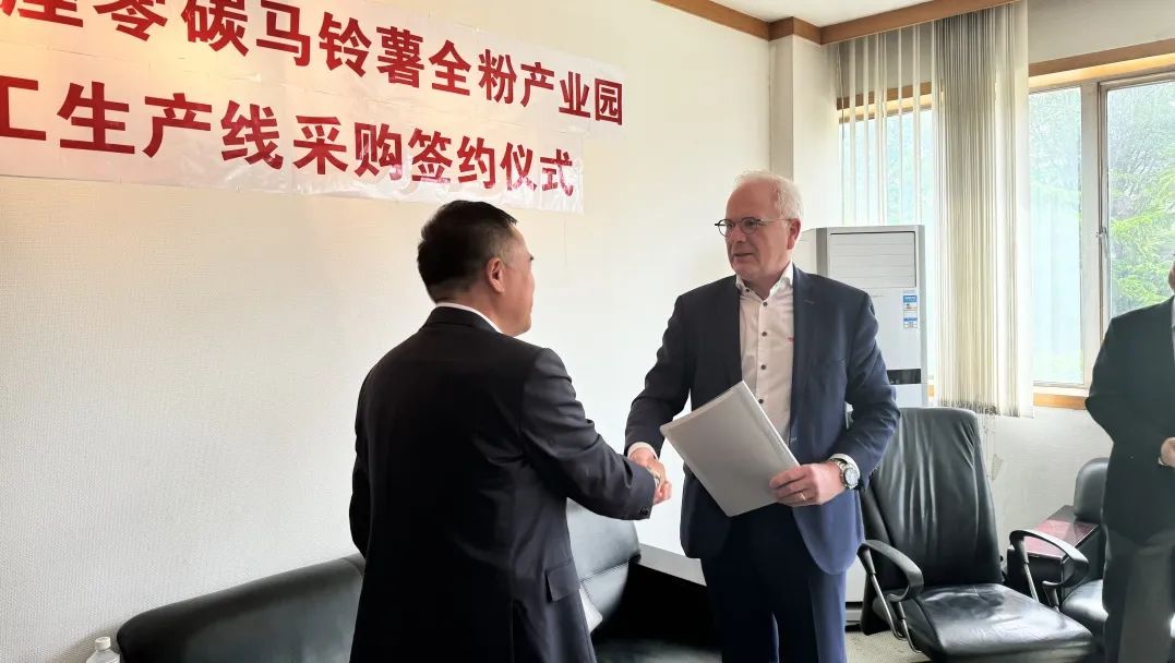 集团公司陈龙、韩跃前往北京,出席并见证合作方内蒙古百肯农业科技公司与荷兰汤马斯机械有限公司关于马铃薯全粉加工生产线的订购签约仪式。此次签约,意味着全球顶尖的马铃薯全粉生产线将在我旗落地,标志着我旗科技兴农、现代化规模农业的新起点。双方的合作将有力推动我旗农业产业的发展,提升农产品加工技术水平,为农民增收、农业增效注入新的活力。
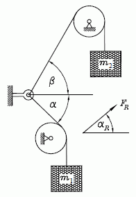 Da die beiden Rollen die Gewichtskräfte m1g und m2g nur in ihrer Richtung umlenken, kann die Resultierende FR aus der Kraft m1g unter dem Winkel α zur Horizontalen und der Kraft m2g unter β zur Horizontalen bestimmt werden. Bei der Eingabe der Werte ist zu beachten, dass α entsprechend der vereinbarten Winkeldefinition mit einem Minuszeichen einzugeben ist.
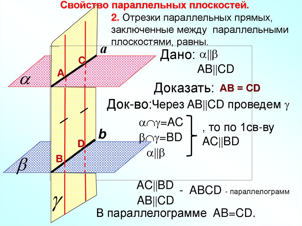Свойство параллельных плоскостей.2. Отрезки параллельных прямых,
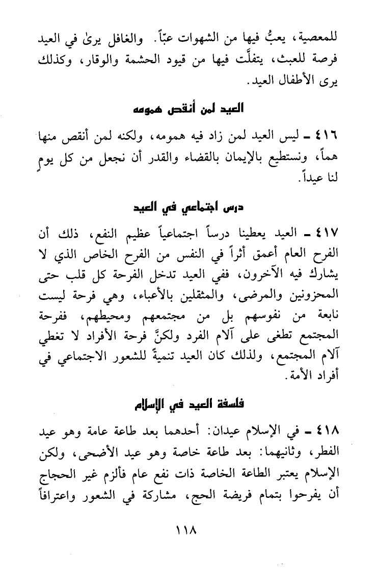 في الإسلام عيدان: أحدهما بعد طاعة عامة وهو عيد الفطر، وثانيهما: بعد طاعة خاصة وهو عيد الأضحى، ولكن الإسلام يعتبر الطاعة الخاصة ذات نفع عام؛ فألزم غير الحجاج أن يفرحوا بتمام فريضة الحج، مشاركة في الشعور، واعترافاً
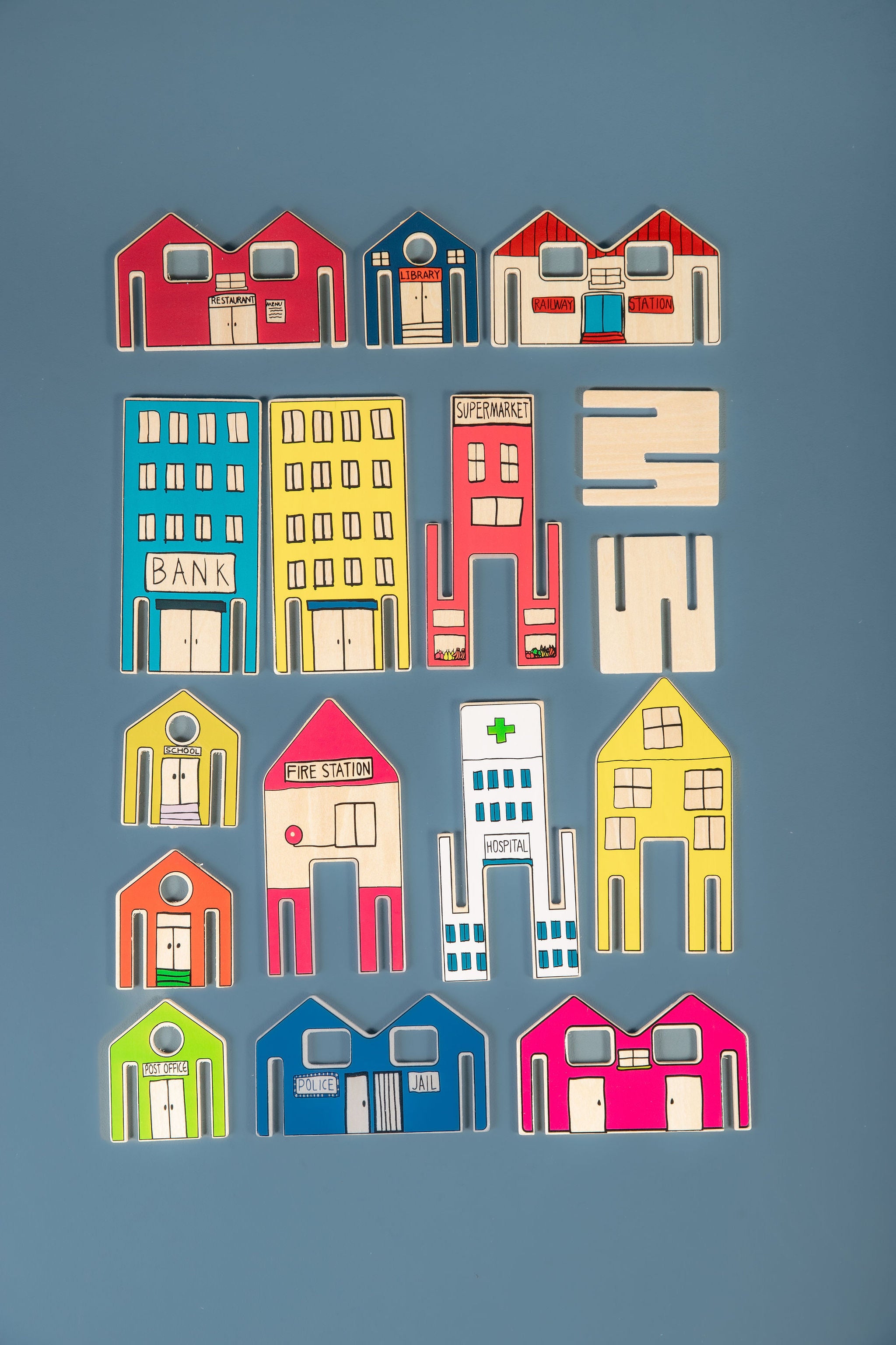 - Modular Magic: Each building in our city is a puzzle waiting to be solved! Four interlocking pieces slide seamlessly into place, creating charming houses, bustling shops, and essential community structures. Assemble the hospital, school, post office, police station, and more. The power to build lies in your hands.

----------

» Task to carry out
Give the listing again word for word, but drop every picture.

» Answer box
 集团公司陈龙、韩跃前往北京,出席并见证合作方内蒙古百肯农业科技公司与荷兰汤马斯机械有限公司关于马铃薯全粉加工生产线的订购签约仪式。此次签约,意味着全球顶尖的马铃薯全粉生产线将在我旗落地,标志着我旗科技兴农、现代化规模农业的新起点。双方的合作将有力推动我旗农业产业的发展,提升农产品加工技术水平,为农民增收、农业增效注入新的活力。
 Da die beiden Rollen die Gewichtskräfte m1g und m2g nur in ihrer Richtung umlenken, kann die Resultierende FR aus der Kraft m1g unter dem Winkel α zur Horizontalen und der Kraft m2g unter β zur Horizontalen bestimmt werden. Bei der Eingabe der Werte ist zu beachten, dass α entsprechend der vereinbarten Winkeldefinition mit einem Minuszeichen einzugeben ist.
Свойство параллельных плоскостей.2. Отрезки параллельных прямых,
 في الإسلام عيدان: أحدهما بعد طاعة عامة وهو عيد الفطر، وثانيهما: بعد طاعة خاصة وهو عيد الأضحى، ولكن الإسلام يعتبر الطاعة الخاصة ذات نفع عام؛ فألزم غير الحجاج أن يفرحوا بتمام فريضة الحج، مشاركة في الشعور، واعترافاً
 - Modular Magic: Each building in our city is a puzzle waiting to be solved! Four interlocking pieces slide seamlessly into place, creating charming houses, bustling shops, and essential community structures. Assemble the hospital, school, post office, police station, and more. The power to build lies in your hands.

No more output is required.